A risk management approach should consider the potential impact of increasingly widespread and strict regulatory compliance requirements. It should also look at the business’s ecosystem to encompass third-party risks and supply chain risks. A typical tech firm is at significant risk of being impacted by an attack coming from one of its suppliers or business partners and being a vector for such an attack on its partners.
Continuous Monitoring
The technical ability and motivations of many hackers targeting tech firms are such that these businesses, in particular, need to be vigilant 24/7 to spot intruders to the network and unusual activity, whether internally or externally.

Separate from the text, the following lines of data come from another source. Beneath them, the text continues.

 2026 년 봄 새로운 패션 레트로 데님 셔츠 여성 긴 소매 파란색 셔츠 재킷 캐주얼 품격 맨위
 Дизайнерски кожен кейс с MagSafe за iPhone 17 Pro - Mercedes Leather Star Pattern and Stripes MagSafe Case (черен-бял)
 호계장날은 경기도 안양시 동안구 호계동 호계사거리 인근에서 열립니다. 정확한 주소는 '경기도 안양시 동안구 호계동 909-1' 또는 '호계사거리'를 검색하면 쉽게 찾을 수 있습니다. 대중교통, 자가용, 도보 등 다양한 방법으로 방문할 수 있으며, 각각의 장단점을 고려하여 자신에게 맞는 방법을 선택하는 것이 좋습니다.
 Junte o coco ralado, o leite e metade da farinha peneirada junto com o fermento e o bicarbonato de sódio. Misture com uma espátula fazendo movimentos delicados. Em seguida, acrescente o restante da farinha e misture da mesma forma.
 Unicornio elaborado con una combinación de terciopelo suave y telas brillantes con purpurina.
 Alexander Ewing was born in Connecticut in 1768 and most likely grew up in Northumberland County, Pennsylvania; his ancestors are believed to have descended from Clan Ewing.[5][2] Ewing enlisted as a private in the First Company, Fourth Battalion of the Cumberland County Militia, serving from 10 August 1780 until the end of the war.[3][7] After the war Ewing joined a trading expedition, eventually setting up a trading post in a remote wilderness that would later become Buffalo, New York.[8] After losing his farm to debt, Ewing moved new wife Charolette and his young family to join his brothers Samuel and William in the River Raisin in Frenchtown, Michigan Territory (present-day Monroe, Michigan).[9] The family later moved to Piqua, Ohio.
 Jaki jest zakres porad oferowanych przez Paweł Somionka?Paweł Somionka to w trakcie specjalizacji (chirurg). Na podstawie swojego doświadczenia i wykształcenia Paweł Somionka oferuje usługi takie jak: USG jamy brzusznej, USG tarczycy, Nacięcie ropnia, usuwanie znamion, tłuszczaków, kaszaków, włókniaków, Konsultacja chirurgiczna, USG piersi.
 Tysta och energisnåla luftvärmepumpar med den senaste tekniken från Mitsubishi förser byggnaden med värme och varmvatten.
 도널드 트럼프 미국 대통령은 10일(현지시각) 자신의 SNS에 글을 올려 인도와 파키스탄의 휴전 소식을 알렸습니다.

With so many reasons for people to attack them and so many ways for those attacks to take place, continuous monitoring is essential as part of a robust attack surface management program for tech firms.
Artificial Intelligence (AI)
With cybercriminals focusing so much time and money on tech firms, these businesses need to stay on top of the latest cyber risks. AI can help security services go beyond preparation for known threats and vulnerabilities. It can respond to emerging threats, adapting on the fly in real-time.
With an AI cybersecurity system that has received (and continues to receive) excellent, clean input data, a cybersecurity system can learn normal patterns and very quickly spot abnormal activity. This is essential for identifying and preventing data leaks and data breaches from insiders and hackers with significant motivation and resources.
The ability of AI to respond in real-time makes it excellent at identifying and responding to sophisticated and coordinated attacks, such as a distributed denial of service (DDoS) attack combined with a trojan-led ransomware attack.
Multi-Factor Authentication (MFA) and Password Protection Policies
This is a commonly mentioned cybersecurity practice due to its effectiveness. Whether considering small businesses with limited budgets or enterprise-level operations with more resources, ensuring proper authentication remains one of the most effective cybersecurity measures to improve a security posture.
Passwords, whether a part of an MFA system or not, need to be maintained and supported with clear information security policies that ensure they are strong passwords: unrepeated, unshared, changed periodically, and with appropriate permissions as determined by a privileged access management system to protect valuable intellectual property and mission-critical data.
MFA requires users to verify a second layer of identity authentication to access a network or part of a network, making it far more secure. While many passwords can be broken through brute-force attacks, 2FA or MFA can prevent most attacks from stealing credentials and logins.
Network Segmentation
With the potential for attack via point-of-sale systems and IoT devices, an effective way to protect connected networks is to implement network segmentation.
Whether for the tech firm or the firm using their products, network segmentation airgaps sensitive, valuable, and critical data from the rest of the network. Target data is stored on a separate network if a hacker accesses the network.
In conjunction with other security measures, such as strong authentication and firewalls, network segmentation can significantly reduce the risks of cybercrime and penetration of a firm’s attack surface.
Incident Response Planning
While it’s wise to attempt to avoid a cyber attack, businesses need proper incident response plans in place. In the event of a cyber attack — which is increasingly likely across all sectors — businesses with incident response plans can respond swiftly and effectively, which minimizes how long the hackers are in the system and demonstrates preparation and professionalism in front of customers, industry peers, and the media.